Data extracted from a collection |
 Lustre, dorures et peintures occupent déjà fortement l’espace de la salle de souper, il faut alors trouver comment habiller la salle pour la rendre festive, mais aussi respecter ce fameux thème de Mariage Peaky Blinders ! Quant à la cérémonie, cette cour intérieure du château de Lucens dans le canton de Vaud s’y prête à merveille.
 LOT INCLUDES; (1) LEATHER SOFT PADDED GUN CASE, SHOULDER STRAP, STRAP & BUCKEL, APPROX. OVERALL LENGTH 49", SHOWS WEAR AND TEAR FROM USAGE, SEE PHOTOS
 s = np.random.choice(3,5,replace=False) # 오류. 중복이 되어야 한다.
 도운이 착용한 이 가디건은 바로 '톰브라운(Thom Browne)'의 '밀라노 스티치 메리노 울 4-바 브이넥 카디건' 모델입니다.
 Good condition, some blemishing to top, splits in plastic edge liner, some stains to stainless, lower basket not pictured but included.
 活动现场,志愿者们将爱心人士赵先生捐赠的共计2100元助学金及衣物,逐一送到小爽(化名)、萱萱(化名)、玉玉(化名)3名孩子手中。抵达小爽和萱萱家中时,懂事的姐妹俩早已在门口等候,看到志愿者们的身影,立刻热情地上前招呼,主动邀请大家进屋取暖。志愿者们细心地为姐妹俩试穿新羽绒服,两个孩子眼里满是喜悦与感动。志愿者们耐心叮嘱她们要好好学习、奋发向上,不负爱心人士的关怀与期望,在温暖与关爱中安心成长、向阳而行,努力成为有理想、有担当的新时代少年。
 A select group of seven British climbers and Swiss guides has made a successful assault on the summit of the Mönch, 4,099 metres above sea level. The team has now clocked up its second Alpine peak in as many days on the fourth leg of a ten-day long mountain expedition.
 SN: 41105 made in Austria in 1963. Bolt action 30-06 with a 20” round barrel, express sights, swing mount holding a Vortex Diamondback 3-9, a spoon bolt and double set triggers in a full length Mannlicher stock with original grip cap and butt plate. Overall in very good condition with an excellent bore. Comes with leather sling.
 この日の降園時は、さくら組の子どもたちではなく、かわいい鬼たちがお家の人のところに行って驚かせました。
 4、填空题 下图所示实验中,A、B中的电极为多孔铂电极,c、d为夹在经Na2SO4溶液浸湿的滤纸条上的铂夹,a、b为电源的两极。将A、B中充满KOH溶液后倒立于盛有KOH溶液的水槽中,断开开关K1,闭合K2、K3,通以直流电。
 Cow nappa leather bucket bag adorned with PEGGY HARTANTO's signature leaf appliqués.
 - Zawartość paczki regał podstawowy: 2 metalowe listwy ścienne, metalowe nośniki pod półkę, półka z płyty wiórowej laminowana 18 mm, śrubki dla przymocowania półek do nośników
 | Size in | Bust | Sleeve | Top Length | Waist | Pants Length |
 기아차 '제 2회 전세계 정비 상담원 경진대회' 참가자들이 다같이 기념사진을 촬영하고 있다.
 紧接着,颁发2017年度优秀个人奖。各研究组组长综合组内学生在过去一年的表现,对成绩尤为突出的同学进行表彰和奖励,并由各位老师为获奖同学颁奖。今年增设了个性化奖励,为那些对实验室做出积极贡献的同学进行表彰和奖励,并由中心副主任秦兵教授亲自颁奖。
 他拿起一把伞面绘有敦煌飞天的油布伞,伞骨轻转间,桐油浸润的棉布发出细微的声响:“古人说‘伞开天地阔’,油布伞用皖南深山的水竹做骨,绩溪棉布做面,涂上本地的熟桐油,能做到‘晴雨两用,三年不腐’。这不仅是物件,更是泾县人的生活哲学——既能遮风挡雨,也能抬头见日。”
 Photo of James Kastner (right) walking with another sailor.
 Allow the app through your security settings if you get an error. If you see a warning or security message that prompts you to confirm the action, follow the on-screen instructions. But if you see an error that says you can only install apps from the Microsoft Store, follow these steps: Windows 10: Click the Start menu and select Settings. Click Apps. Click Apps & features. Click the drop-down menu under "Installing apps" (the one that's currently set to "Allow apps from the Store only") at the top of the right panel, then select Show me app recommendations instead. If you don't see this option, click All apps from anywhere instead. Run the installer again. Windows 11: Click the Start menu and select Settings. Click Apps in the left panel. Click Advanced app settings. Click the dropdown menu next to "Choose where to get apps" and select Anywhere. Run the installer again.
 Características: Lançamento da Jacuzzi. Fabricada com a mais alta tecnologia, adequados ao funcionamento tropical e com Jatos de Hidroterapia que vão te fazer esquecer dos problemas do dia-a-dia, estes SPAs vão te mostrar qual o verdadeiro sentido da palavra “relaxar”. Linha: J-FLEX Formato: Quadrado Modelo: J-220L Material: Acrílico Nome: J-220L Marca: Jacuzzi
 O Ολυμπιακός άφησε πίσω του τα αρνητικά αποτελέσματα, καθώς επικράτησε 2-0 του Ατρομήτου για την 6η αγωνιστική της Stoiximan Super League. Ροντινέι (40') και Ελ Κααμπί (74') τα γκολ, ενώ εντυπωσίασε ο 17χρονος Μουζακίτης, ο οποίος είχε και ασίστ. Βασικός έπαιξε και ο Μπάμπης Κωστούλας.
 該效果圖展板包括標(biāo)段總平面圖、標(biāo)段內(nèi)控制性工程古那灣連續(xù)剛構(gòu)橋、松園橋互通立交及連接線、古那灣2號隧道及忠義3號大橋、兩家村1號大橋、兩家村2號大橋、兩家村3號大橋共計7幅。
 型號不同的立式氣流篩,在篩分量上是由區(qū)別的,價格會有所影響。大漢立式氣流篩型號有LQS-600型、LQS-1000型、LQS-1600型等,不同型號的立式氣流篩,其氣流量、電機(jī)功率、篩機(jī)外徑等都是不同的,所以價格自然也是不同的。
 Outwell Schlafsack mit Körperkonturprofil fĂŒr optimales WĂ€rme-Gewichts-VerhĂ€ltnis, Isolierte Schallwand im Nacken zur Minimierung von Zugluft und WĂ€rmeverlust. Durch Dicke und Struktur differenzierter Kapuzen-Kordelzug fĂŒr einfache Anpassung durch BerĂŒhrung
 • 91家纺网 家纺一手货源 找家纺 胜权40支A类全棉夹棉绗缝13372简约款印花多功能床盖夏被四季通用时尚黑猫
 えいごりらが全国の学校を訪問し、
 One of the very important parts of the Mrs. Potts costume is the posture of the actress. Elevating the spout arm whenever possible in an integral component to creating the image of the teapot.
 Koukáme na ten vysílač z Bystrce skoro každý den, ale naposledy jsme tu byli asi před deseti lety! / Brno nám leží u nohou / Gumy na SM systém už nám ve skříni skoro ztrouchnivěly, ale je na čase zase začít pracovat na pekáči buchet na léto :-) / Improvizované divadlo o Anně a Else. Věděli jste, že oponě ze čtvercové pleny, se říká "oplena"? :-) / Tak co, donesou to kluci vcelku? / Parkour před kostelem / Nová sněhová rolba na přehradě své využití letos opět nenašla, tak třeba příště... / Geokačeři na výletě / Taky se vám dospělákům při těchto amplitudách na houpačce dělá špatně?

What needs to be done |
Transcribe the entries exactly, and make each line match the original.

Exercise response |
 Lustre, dorures et peintures occupent déjà fortement l’espace de la salle de souper, il faut alors trouver comment habiller la salle pour la rendre festive, mais aussi respecter ce fameux thème de Mariage Peaky Blinders ! Quant à la cérémonie, cette cour intérieure du château de Lucens dans le canton de Vaud s’y prête à merveille.
 LOT INCLUDES; (1) LEATHER SOFT PADDED GUN CASE, SHOULDER STRAP, STRAP & BUCKEL, APPROX. OVERALL LENGTH 49", SHOWS WEAR AND TEAR FROM USAGE, SEE PHOTOS
 s = np.random.choice(3,5,replace=False) # 오류. 중복이 되어야 한다.
 도운이 착용한 이 가디건은 바로 '톰브라운(Thom Browne)'의 '밀라노 스티치 메리노 울 4-바 브이넥 카디건' 모델입니다.
 Good condition, some blemishing to top, splits in plastic edge liner, some stains to stainless, lower basket not pictured but included.
 活动现场,志愿者们将爱心人士赵先生捐赠的共计2100元助学金及衣物,逐一送到小爽(化名)、萱萱(化名)、玉玉(化名)3名孩子手中。抵达小爽和萱萱家中时,懂事的姐妹俩早已在门口等候,看到志愿者们的身影,立刻热情地上前招呼,主动邀请大家进屋取暖。志愿者们细心地为姐妹俩试穿新羽绒服,两个孩子眼里满是喜悦与感动。志愿者们耐心叮嘱她们要好好学习、奋发向上,不负爱心人士的关怀与期望,在温暖与关爱中安心成长、向阳而行,努力成为有理想、有担当的新时代少年。
 A select group of seven British climbers and Swiss guides has made a successful assault on the summit of the Mönch, 4,099 metres above sea level. The team has now clocked up its second Alpine peak in as many days on the fourth leg of a ten-day long mountain expedition.
 SN: 41105 made in Austria in 1963. Bolt action 30-06 with a 20” round barrel, express sights, swing mount holding a Vortex Diamondback 3-9, a spoon bolt and double set triggers in a full length Mannlicher stock with original grip cap and butt plate. Overall in very good condition with an excellent bore. Comes with leather sling.
 この日の降園時は、さくら組の子どもたちではなく、かわいい鬼たちがお家の人のところに行って驚かせました。
 4、填空题 下图所示实验中,A、B中的电极为多孔铂电极,c、d为夹在经Na2SO4溶液浸湿的滤纸条上的铂夹,a、b为电源的两极。将A、B中充满KOH溶液后倒立于盛有KOH溶液的水槽中,断开开关K1,闭合K2、K3,通以直流电。
 Cow nappa leather bucket bag adorned with PEGGY HARTANTO's signature leaf appliqués.
 - Zawartość paczki regał podstawowy: 2 metalowe listwy ścienne, metalowe nośniki pod półkę, półka z płyty wiórowej laminowana 18 mm, śrubki dla przymocowania półek do nośników
 | Size in | Bust | Sleeve | Top Length | Waist | Pants Length |
 기아차 '제 2회 전세계 정비 상담원 경진대회' 참가자들이 다같이 기념사진을 촬영하고 있다.
 紧接着,颁发2017年度优秀个人奖。各研究组组长综合组内学生在过去一年的表现,对成绩尤为突出的同学进行表彰和奖励,并由各位老师为获奖同学颁奖。今年增设了个性化奖励,为那些对实验室做出积极贡献的同学进行表彰和奖励,并由中心副主任秦兵教授亲自颁奖。
 他拿起一把伞面绘有敦煌飞天的油布伞,伞骨轻转间,桐油浸润的棉布发出细微的声响:“古人说‘伞开天地阔’,油布伞用皖南深山的水竹做骨,绩溪棉布做面,涂上本地的熟桐油,能做到‘晴雨两用,三年不腐’。这不仅是物件,更是泾县人的生活哲学——既能遮风挡雨,也能抬头见日。”
 Photo of James Kastner (right) walking with another sailor.
 Allow the app through your security settings if you get an error. If you see a warning or security message that prompts you to confirm the action, follow the on-screen instructions. But if you see an error that says you can only install apps from the Microsoft Store, follow these steps: Windows 10: Click the Start menu and select Settings. Click Apps. Click Apps & features. Click the drop-down menu under "Installing apps" (the one that's currently set to "Allow apps from the Store only") at the top of the right panel, then select Show me app recommendations instead. If you don't see this option, click All apps from anywhere instead. Run the installer again. Windows 11: Click the Start menu and select Settings. Click Apps in the left panel. Click Advanced app settings. Click the dropdown menu next to "Choose where to get apps" and select Anywhere. Run the installer again.
 Características: Lançamento da Jacuzzi. Fabricada com a mais alta tecnologia, adequados ao funcionamento tropical e com Jatos de Hidroterapia que vão te fazer esquecer dos problemas do dia-a-dia, estes SPAs vão te mostrar qual o verdadeiro sentido da palavra “relaxar”. Linha: J-FLEX Formato: Quadrado Modelo: J-220L Material: Acrílico Nome: J-220L Marca: Jacuzzi
 O Ολυμπιακός άφησε πίσω του τα αρνητικά αποτελέσματα, καθώς επικράτησε 2-0 του Ατρομήτου για την 6η αγωνιστική της Stoiximan Super League. Ροντινέι (40') και Ελ Κααμπί (74') τα γκολ, ενώ εντυπωσίασε ο 17χρονος Μουζακίτης, ο οποίος είχε και ασίστ. Βασικός έπαιξε και ο Μπάμπης Κωστούλας.
 該效果圖展板包括標(biāo)段總平面圖、標(biāo)段內(nèi)控制性工程古那灣連續(xù)剛構(gòu)橋、松園橋互通立交及連接線、古那灣2號隧道及忠義3號大橋、兩家村1號大橋、兩家村2號大橋、兩家村3號大橋共計7幅。
 型號不同的立式氣流篩,在篩分量上是由區(qū)別的,價格會有所影響。大漢立式氣流篩型號有LQS-600型、LQS-1000型、LQS-1600型等,不同型號的立式氣流篩,其氣流量、電機(jī)功率、篩機(jī)外徑等都是不同的,所以價格自然也是不同的。
 Outwell Schlafsack mit Körperkonturprofil fĂŒr optimales WĂ€rme-Gewichts-VerhĂ€ltnis, Isolierte Schallwand im Nacken zur Minimierung von Zugluft und WĂ€rmeverlust. Durch Dicke und Struktur differenzierter Kapuzen-Kordelzug fĂŒr einfache Anpassung durch BerĂŒhrung
 • 91家纺网 家纺一手货源 找家纺 胜权40支A类全棉夹棉绗缝13372简约款印花多功能床盖夏被四季通用时尚黑猫
 えいごりらが全国の学校を訪問し、
 One of the very important parts of the Mrs. Potts costume is the posture of the actress. Elevating the spout arm whenever possible in an integral component to creating the image of the teapot.
 Koukáme na ten vysílač z Bystrce skoro každý den, ale naposledy jsme tu byli asi před deseti lety! / Brno nám leží u nohou / Gumy na SM systém už nám ve skříni skoro ztrouchnivěly, ale je na čase zase začít pracovat na pekáči buchet na léto :-) / Improvizované divadlo o Anně a Else. Věděli jste, že oponě ze čtvercové pleny, se říká "oplena"? :-) / Tak co, donesou to kluci vcelku? / Parkour před kostelem / Nová sněhová rolba na přehradě své využití letos opět nenašla, tak třeba příště... / Geokačeři na výletě / Taky se vám dospělákům při těchto amplitudách na houpačce dělá špatně?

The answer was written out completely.